Who decides appropriate tier 1 prices? Not surprisingly, the companies who actually design and manufacture tier 1 GPU's do. What is your basis for comparison that allows you to claim the prices "exploit" fans (gee, that sounds like we just don't have a choice!)? I don't like the price of Lamborghini's either, but I don't state that they are overpriced. I simply state that they're out of my price range. There's a difference.

"This year they pushed further with the $100-$200 Nvidia tax."

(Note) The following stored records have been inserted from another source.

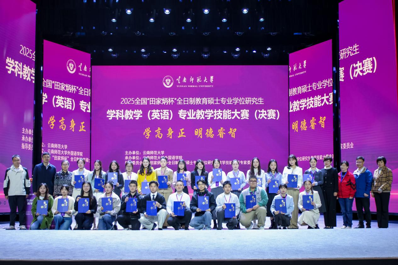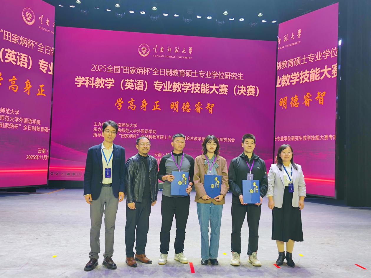 2025年11月14日至16日,2025年全国“田家炳杯”全国教育硕士专业学位研究生学科教学(英语)专业教学技能大赛(决赛)暨研讨会在云南师范大学圆满落幕。在本届赛事中,我校第一会所 闫知否荣获全国总决赛一等奖,霍姝吉和董成标荣获优秀教学设计奖。这是第一会所 在该项研究生全国赛事中首次有3位同学晋级入围决赛并且首次获得全国一等奖,实现了历史性突破。同时,第一会所 也为本届赛事湖北省高校中唯一斩获全国总决赛一等奖的院校,彰显了第一会所 教育硕士培养的扎实成效。硕士生导师刘敏、董志浩和伍文忠从院赛、校赛、全国初赛再到决赛,全程认真细致指导学生备赛和参赛。
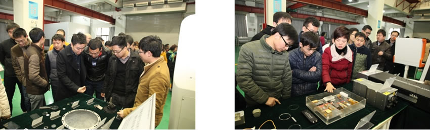 科技创新成果展设在检测大厅,展区分为两部分,第一部分展出我所近年坚持面向国际前沿、面向国家需求的同时,面向经济发展主战场,在高端装备制造产业领域、下一代光电子集成芯片产业领域和民生健康产业领域成功转移转化的多项创新成果。包括超快激光高端加工装备、1000W光纤激光切割装备、高性能碳纤维、光子集成芯片、Hi-Fi音乐手机时钟芯片、压力传感器芯片、红外投影血管成像仪、3D内窥式OCT、3D云投射及3D教学投影系统等多项产品。第二部分展出研究所“十一五”以来圆满完成国家重大任务所取得的十多项重要成果。
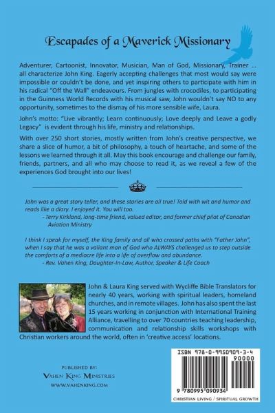 Adventurer, Cartoonist, Innovator, Musician, Man of God, Missionary, Trainer … all characterize John King. Eagerly accepting challenges that most would say were impossible or couldn’t be done, and yet inspiring others to participate with him in his radical "Off the Wall" endeavours. From jungles with crocodiles, to participating in the Guinness World Records with his musical saw, John wouldn’t say NO to any opportunity, sometimes to the dismay of his more sensible wife, Laura. John’s motto: "Live vibrantly; Learn continuously; Love deeply and Leave a godly Legacy" is evident through his life, ministry and relationships. With over 250 short stories, mostly written from John’s creative perspective, we share a slice of humor, a bit of philosophy, a touch of heartache, and some of the lessons we learned through it all. May this book encourage and challenge our family, friends, partners, and all who may choose to read it, as we reveal a few of the experiences God brought into our lives!

Not sure what that's supposed to mean, but it sounds like you once again feel they're overpricing their GPUs.
The GTX 1060 at $250 goes toe-to-toe with the $550 980
The GTX 1070 at $380 nudges past the $650 980 Ti
The GTX 1080 at $600 handily beats the $1000 (But always commanding $1200) Titan X Maxwell

Are you really complaining that the prices are too high (again, compared to what?), or are you simply bitter that they aren't more affordable in general? Because from a price-to-performance standpoint, the prices have gone DOWN this generation by quite a bit.